▸ **Instructions to follow**
Print the lines below word for word, beginning with the first and ending with the line that holds "为方便大家对答案、下载练习等", and skip every picture.

▸ **Data for review**
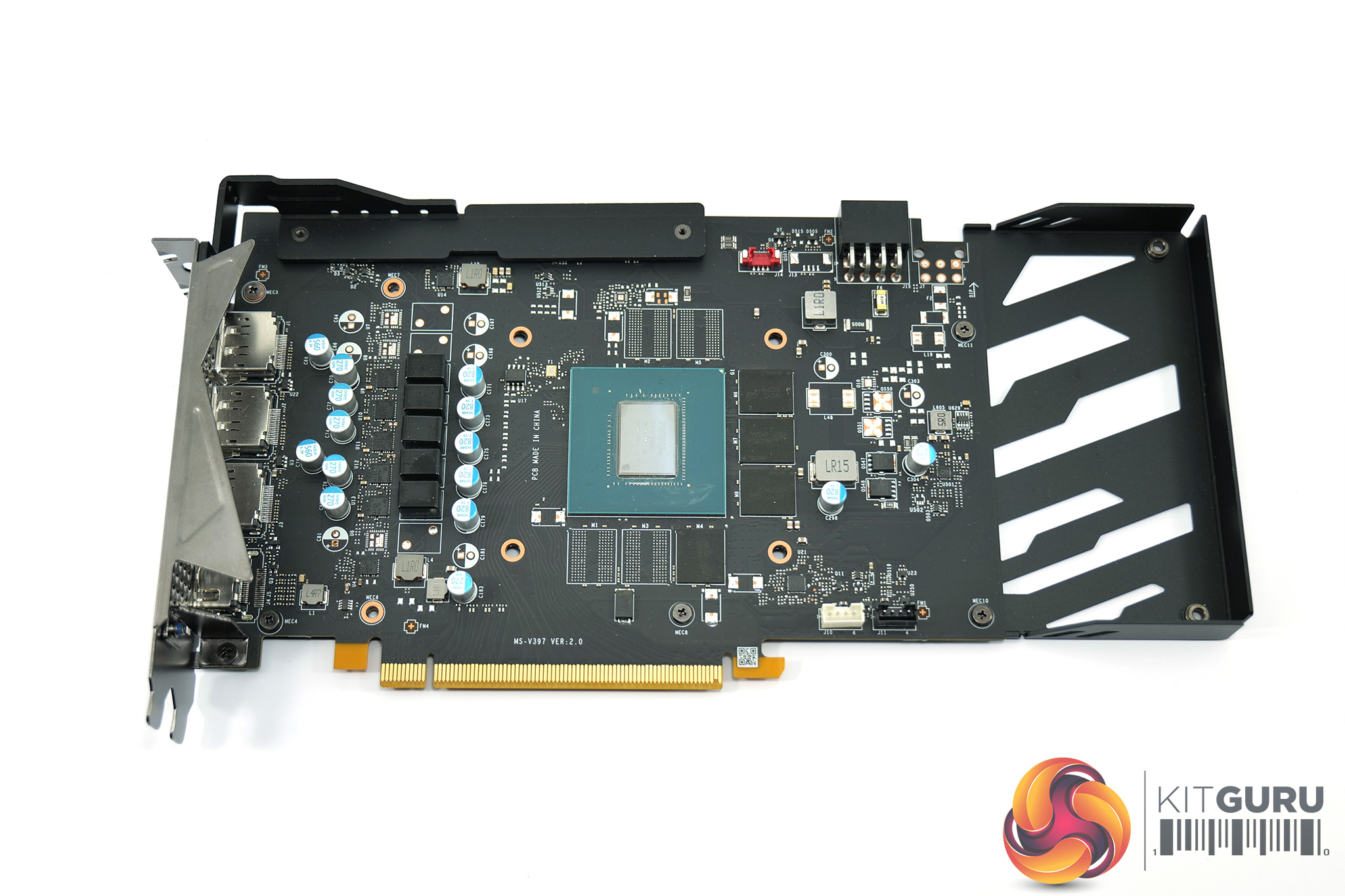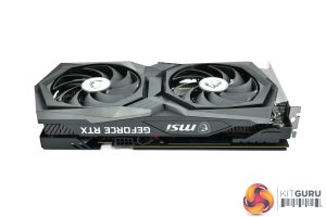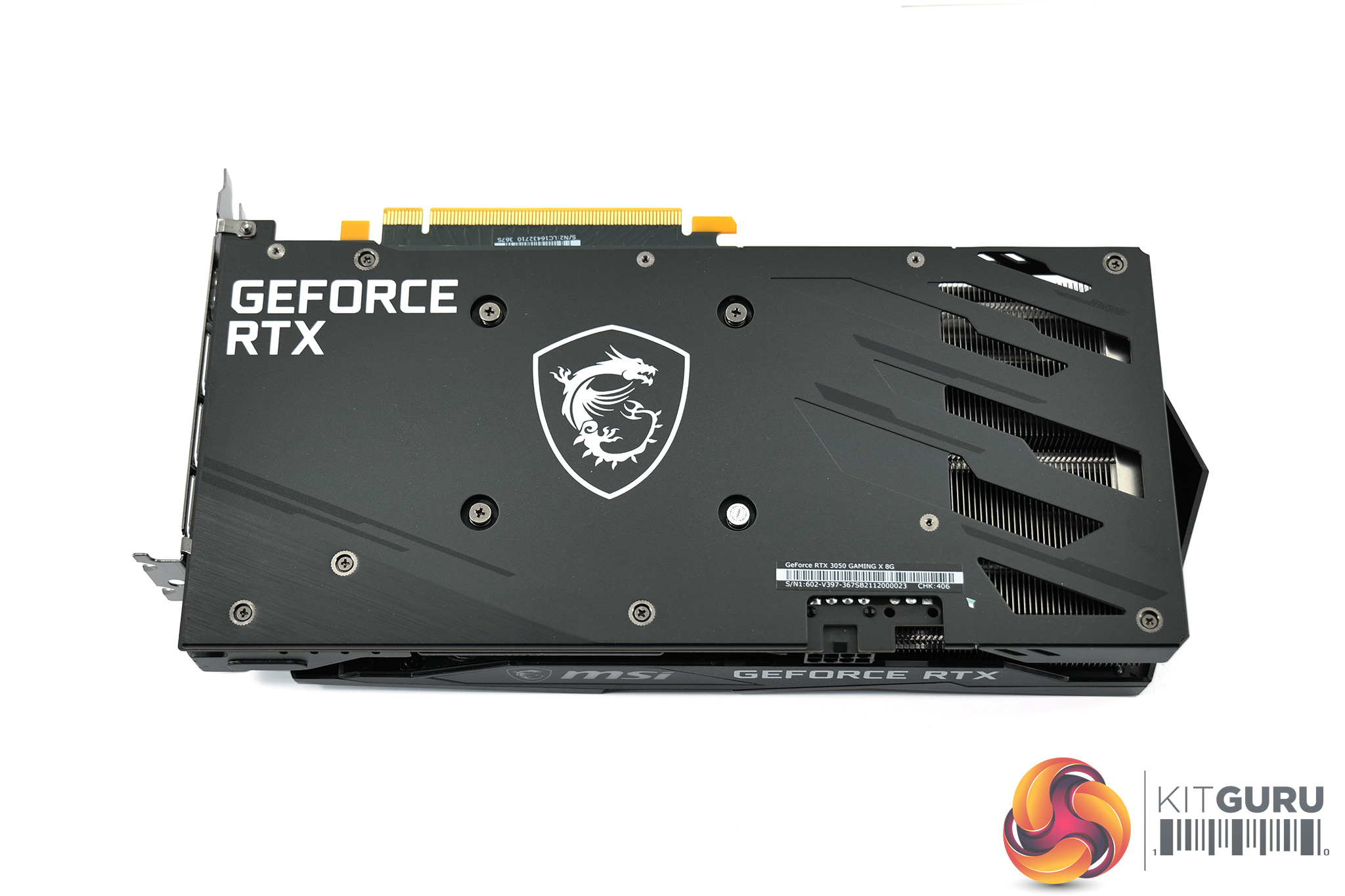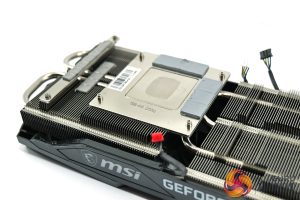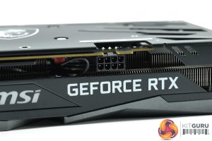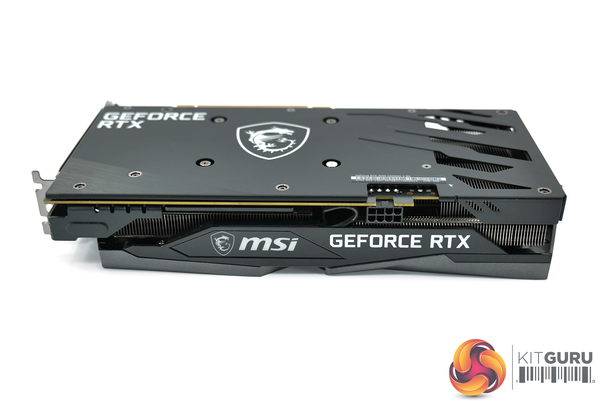 On the side of the shroud, we find the MSI logo, which acts as the only RGB zone on the card. A metal backplate is also present, with a well-sized MSI dragon logo taking pride of place in the centre of the backplate. A few cutouts are visible towards the end of the card, to allow some airflow to pass directly through the heatsink.
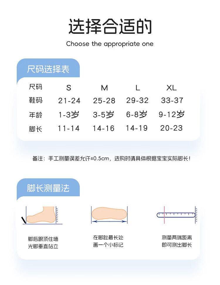 S size 1-3 years old [recommended shoe size 21-24], M size 3-5 years old [recommended shoe size 25-28], L size...
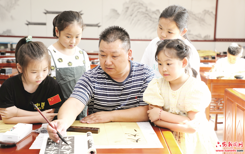 “同学们,你们看老师是怎么写撇和捺的”……8月3日16时,六安市皋城小学的智能化数字书法教室里,书法教师洪德遣正在手把手教学生如何运笔、习字。
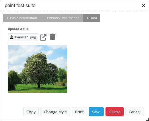 Nach dem Speichern eines Objekts kann ein Refresh der Karte über die Option refreshLayersAfterFeatureSave aktiviert werden. Über diesen Parameter werden die definierten Layer-Instanzen aus dem Karte (Map)-Element neu geladen. Damit werden Änderungen in WMS-Diensten direkt in der Karte sichtbar. Dieses Event wird nur gestartet, wenn Speichern aus dem Attributdialog verwendet wird.
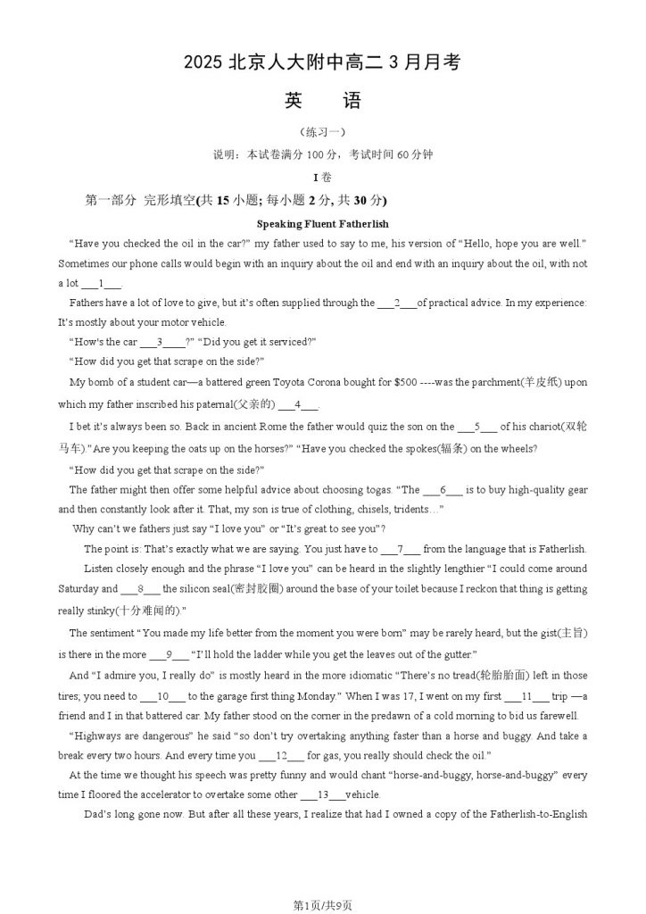 为方便大家对答案、下载练习等小编给大家搜集了人大附中2025高二3月考英语试题及答案,需要的小伙伴赶紧下载练习起来吧:
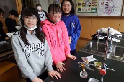 理科「もののあたたまり方」の学習では、ものによって温まり方の違いに着目します。この日は、水の温まり方を学習しました。水は熱せられたところが温まり、温度が高くなった水が上の方に動き、全体が温まっていく。
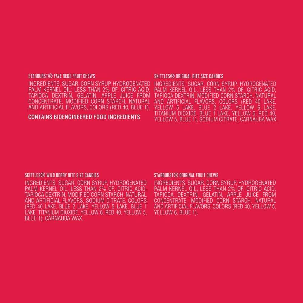 The only variety bag to chews! Four flavors of SKITTLES and STARBURST classics are all in one family size for you to enjoy! Stick your hand in this bulk bag of fun size individually wrapped packs and find SKITTLES Original, SKITTLES Wild Berry, STARBURST Original, and STARBURST FaveReds Chewy Candy. Make celebrations and special holidays extra sweet by filling candy buffets at baby showers, party favors, and piñatas for birthday parties, and gift baskets for Mother’s and Father’s Day with SKITTLES and STARBURST chewy candy. There is nothing like having your pantry at home stocked with a bulk variety bag of chewy candy. Not only are you able to keep your candy dish and snack drawer replenished, but you’ll also have sweet treats on hand for a sweet pick me up. Add our bulk assortment of SKITTLES and STARBURST chewy candy to your cart today!
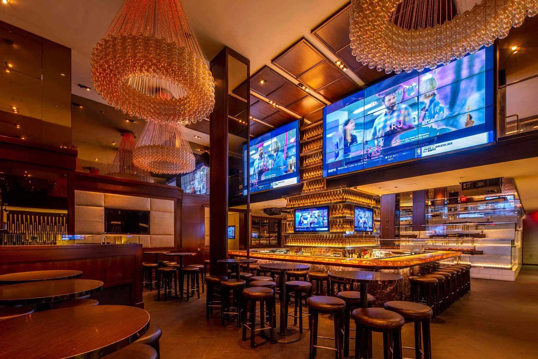 The Main Floor can accommodate anything from Corporate Events & Private Functions to Bar & Bat Mitzvahs. The interior design features a grand entrance, fiber-optic chandeliers, and cutting edge audio & visual technologies. The space includes a custom illuminated amber resin top bar encircling an 18‐foot tall Illuminated champagne tower. Supple leather upholstered wall paneling, custom walnut millwork, smoked bronze mirrors & plush lounge banquettes make the space feel luxurious. A large, marble stepped, arena style seating area can accommodate guests with a wonderful view of the 4 – 165 inch state display walls.

▸ **Solved exercise**
 On the side of the shroud, we find the MSI logo, which acts as the only RGB zone on the card. A metal backplate is also present, with a well-sized MSI dragon logo taking pride of place in the centre of the backplate. A few cutouts are visible towards the end of the card, to allow some airflow to pass directly through the heatsink.
 S size 1-3 years old [recommended shoe size 21-24], M size 3-5 years old [recommended shoe size 25-28], L size...
 “同学们,你们看老师是怎么写撇和捺的”……8月3日16时,六安市皋城小学的智能化数字书法教室里,书法教师洪德遣正在手把手教学生如何运笔、习字。
 Nach dem Speichern eines Objekts kann ein Refresh der Karte über die Option refreshLayersAfterFeatureSave aktiviert werden. Über diesen Parameter werden die definierten Layer-Instanzen aus dem Karte (Map)-Element neu geladen. Damit werden Änderungen in WMS-Diensten direkt in der Karte sichtbar. Dieses Event wird nur gestartet, wenn Speichern aus dem Attributdialog verwendet wird.
 为方便大家对答案、下载练习等小编给大家搜集了人大附中2025高二3月考英语试题及答案,需要的小伙伴赶紧下载练习起来吧:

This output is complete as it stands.